In this jurisdiction, we have held that the doctrine of piercing the corporate veil is an
equitable doctrine developed to address situations where the separate corporate
personality of a corporation is abused or used for wrongful purposes. The doctrine
applies when the corporate fiction is used to defeat public convenience, justify
wrong, protect fraud or defend crime, or when it is made as a shield to confuse the
legitimate issues, or where a corporation is the mere alter ego or business conduit
of a person, or where the corporation is so organized and controlled and its affairs
are so conducted as to make it merely an instrumentality, agency, conduit or adjunct
of another corporation.

GENERAL RULE: The stockownership alone by one corporation of the stock of


another does not render the dominant corporation liable for the torts/breaches of
the subsidiary.
EXCEPTION: Where the separate corporate existence of the subsidiary is a mere
sham, or unless the control of the subsidiary is such that it is but an instrumentality
or adjunct of the dominant corporation.

Circumstances which may be useful in the determination of whether the subsidiary


is a mere instrumentality of the parent corporation [presence of one or more
circumstance does not guarantee piercing the corporate veil; court must still weigh]:
(a) The parent corporation owns all or most of the capital stock of the
subsidiary.
University of the Philippines College of Law | Corporation Law | D2021
(b) The parent and subsidiary corporations have common directors or
officers.
(c) The parent corporation finances the subsidiary.
(d) The parent corporation subscribes to all the capital stock of the subsidiary
or otherwise causes its incorporation.
(e) The subsidiary has grossly inadequate capital.
(f) The parent corporation pays the salaries and other expenses or losses of
the subsidiary.
(g) The subsidiary has substantially no business except with the parent
corporation or no assets except those conveyed to or by the parent
corporation.
(h) In the papers of the parent corporation or in the statements of its officers,
the subsidiary is described as a department or division of the parent
corporation, or its business or financial responsibility is referred to as the
parent corporation’s own.
(i) The parent corporation uses the property of the subsidiary as its own.
(j) The directors or executives of the subsidiary do not act independently in
the interest of the subsidiary but take their orders from the parent
corporation.
(k) The formal legal requirements of the subsidiary are not observed.

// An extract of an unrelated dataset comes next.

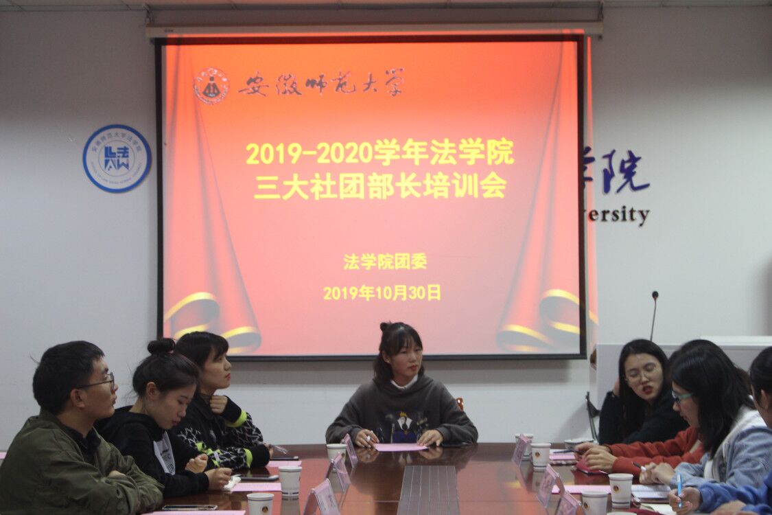 10月30日晚,英国上市公司365团委在公司行政楼四楼会议室召开三大社团部长培训会。团委员工副书记兼员工会副主席姚思宇、第六届团委社管部部长胡月、副部长杜欢、团委宣传委员黄雅倩、素质拓展委员万针利和英国上市公司365三大社团会长团出席会议,院员工会宣传部和实践公益部全体委员、英国上市公司365三大社团各部门部长及各班级宣传委员到场参会,本次会议由社团工作委员许芳芳主持。

In any case, the parent-subsidiary relationship between PNB and PNB-IFL is not the
significant legal relationship involved in this case since the petitioner was not sued
because it is the parent company of PNB-IFL. Rather, PNB was sued because it acted
as an agent of PNB-IFL. A suit against the agent cannot without compelling reasons
be considered a suit against the principal.

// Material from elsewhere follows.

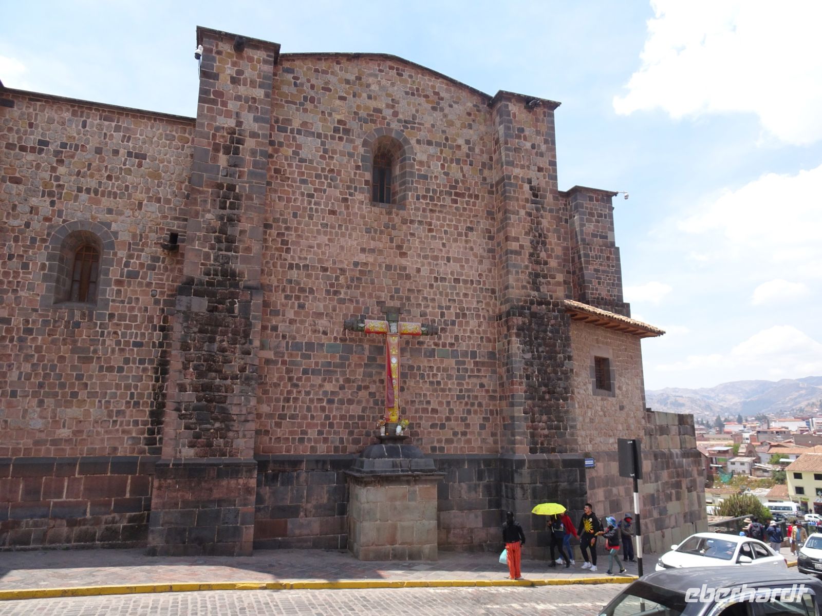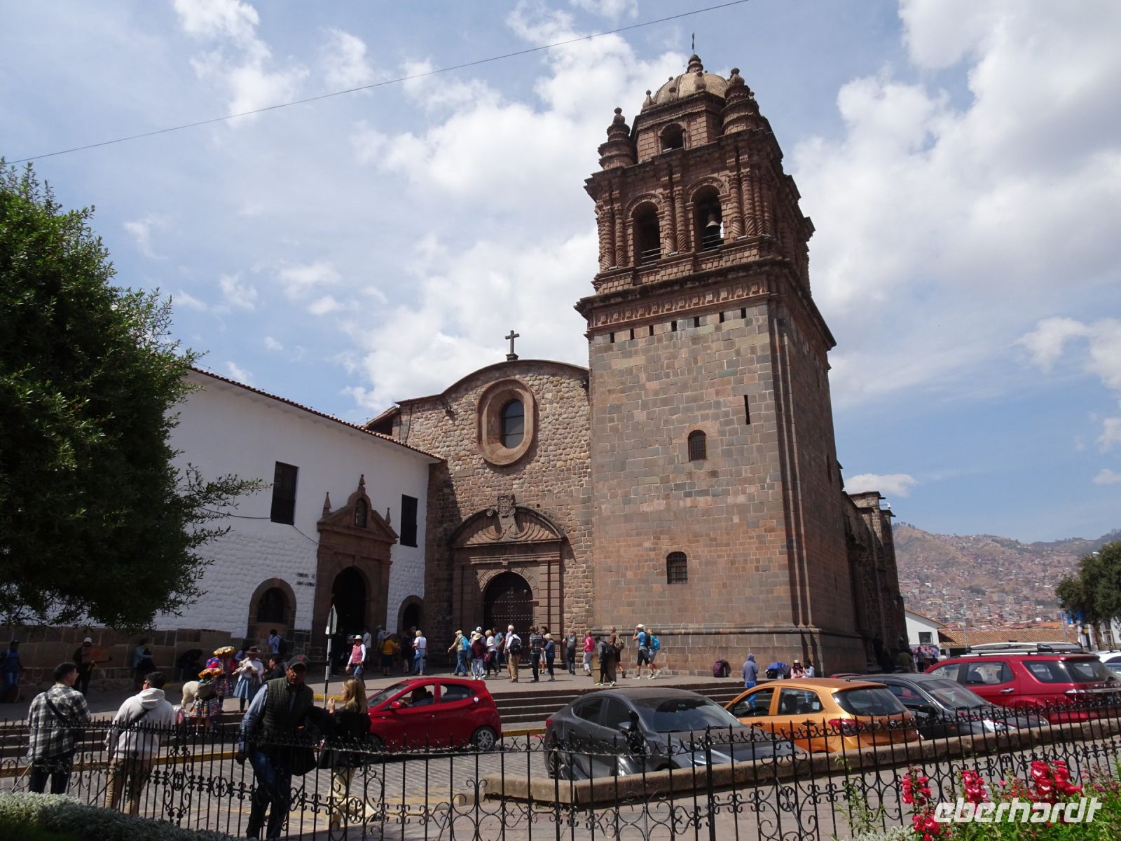 Die Kathedrale, zu der wir nun kommen, zählt zu den schönsten kirchlichen Bauten in ganz Südamerika. Sie wurde 1550 dort erbaut, wo sich einst ein Inkaheiligtum befand. In den nächsten Jahrhunderten gab es Neu- und Umbauten. Eine Besonderheit ist eine offene Kapelle, die es ermöglicht, Gottesdienste im Freien abzuhalten. Dies diente zum Einen dazu, größeren Gruppen von Gläubigen und Pilgern die Teilnahme am Gottesdienst zu ermöglichen und zum anderen dazu, den Indigenen, die man nicht in der Kirche dulden wollte, dennoch ebenfalls den Zugang zum Gottesdienst zu ermöglichen. In einer kleinen Kapelle kann man die berühmte Skulptur der „dunklen Jungfrau“, der Virgen Morena besichtigen, die 1580mvon einem einheimischen Künstler, welcher der Enkel eines Inka-Herrschers war, angefertigt wurde. Eine weitere Besonderheit. Für die die Kirche bekannt ist, sind die bereits oben erwähnten Autosegnungen, die interessanter Weise sowohl von einem Mönch als auch einem Schamanen vorgenommen werden können.

Test in determining applicability of the Doctrine:


1. Control, not mere majority or complete control, but complete domination, not
only of finances but of policy and business practice in respect to the transaction
attacked so that the corporate entity as to this transaction had at the time no
separate mind, will or existence of its own.
2. Such control must have been used by the defendant to commit fraud or wrong, to
perpetuate the violation of a statutory or other positive legal duty, or dishonest and,
unjust act in contravention of plaintiff’s legal rights; and,
3. The aforesaid control and breach of duty must proximately cause the injury or
unjust loss complained of.

The absence of any one of these elements prevents piercing the corporate veil In
applying the instrumentality alter ego doctrine, the courts are concerned with reality
and not form, with how the corporation operated and the individual defendants
relationship to the operation.

RULING: Case against PNB is DISMISSED.

IN VIEW OF THE FOREGOING, the petition is hereby GRANTED. The assailed decision of the Court of Appeals is hereby
REVERSED. The Orders dated June 30, 1999 and October 4, 1999 of the Regional Trial Court of Makati, Branch 147 in Civil
Case No. 99-1037 are hereby ANNULLED and SET ASIDE and the complaint in said case DISMISSED.